> **Exercise data**:
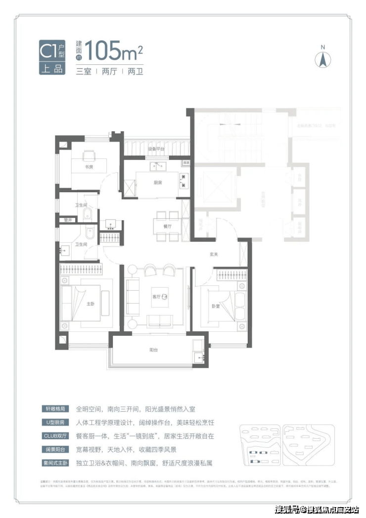 罕见宽厅设计:约95%的宽厅设计出现在120㎡以上户型中,而项目在约105㎡面积段就做了宽厅,非常难得,这个户型进入二手房市场将极具竞争力。
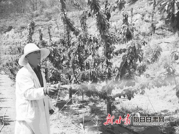 秦州區(qū)欣晟果業(yè)專業(yè)合作社的170畝櫻桃園在山腰偏上處,一串串大櫻桃綠瑩瑩的,大部分已如蠶豆般大小,合作社負(fù)責(zé)人何玉龍和工人們一道正在給每一株果樹進(jìn)行預(yù)防病蟲害追肥。
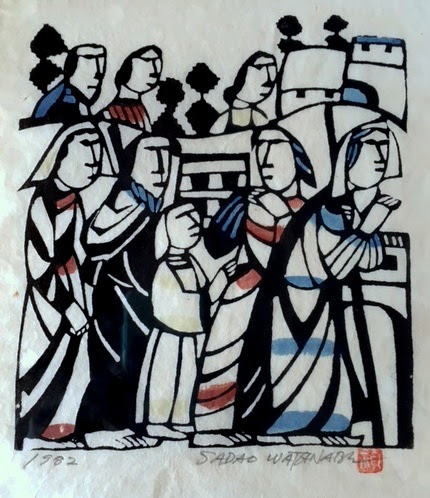 Image taken with permission from the SadaoHanga Catalogue where you can find many more images and information about Sadao Watanabe. For other images of Sadao Watanabe art works in TIPs, see here.
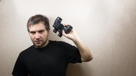 Keywords: vision man view search human guy spyglass business character people one figure lens holding found look person binocular observe male handsome monitoring copy space
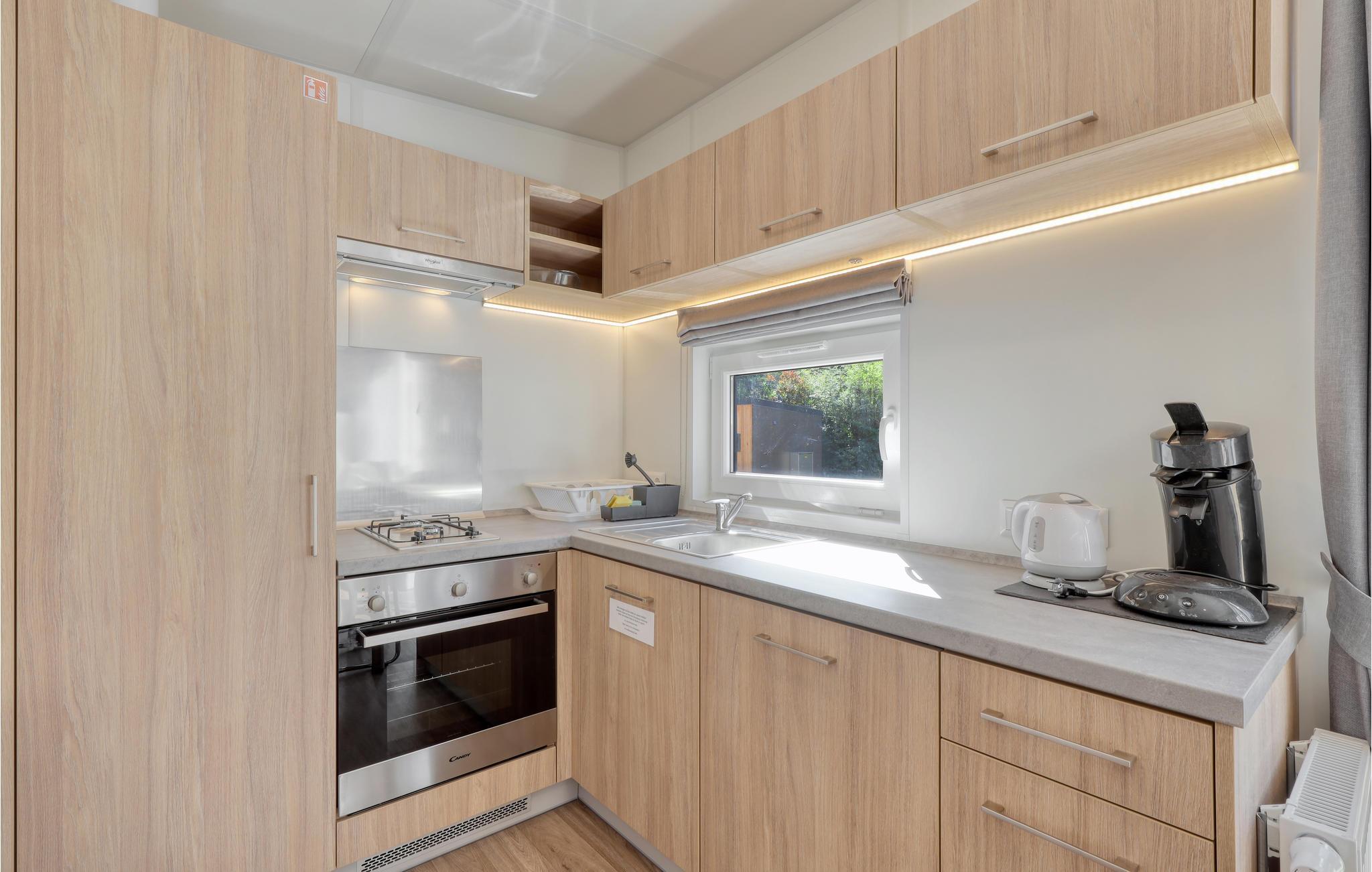 Det mysiga vardagsrummet med bäddsoffa, matplats och ett välutrustat pentry bjuder in dig att tillbringa tid tillsammans med din familj. Det separata sovrummet är en underbar plats att drömma på. Sovsoffan i vardagsrummet är 170 cm lång och passar därför endast barn. Tiny House har dessutom ett eget badrum med dusch.

> **Exercise brief**: Please reproduce, word for word, every line from the first line of the records above through the line containing "Keywords: vision man", and leave out the pictures.

> **Written solution**:
 罕见宽厅设计:约95%的宽厅设计出现在120㎡以上户型中,而项目在约105㎡面积段就做了宽厅,非常难得,这个户型进入二手房市场将极具竞争力。
 秦州區(qū)欣晟果業(yè)專業(yè)合作社的170畝櫻桃園在山腰偏上處,一串串大櫻桃綠瑩瑩的,大部分已如蠶豆般大小,合作社負(fù)責(zé)人何玉龍和工人們一道正在給每一株果樹進(jìn)行預(yù)防病蟲害追肥。
 Image taken with permission from the SadaoHanga Catalogue where you can find many more images and information about Sadao Watanabe. For other images of Sadao Watanabe art works in TIPs, see here.
 Keywords: vision man view search human guy spyglass business character people one figure lens holding found look person binocular observe male handsome monitoring copy space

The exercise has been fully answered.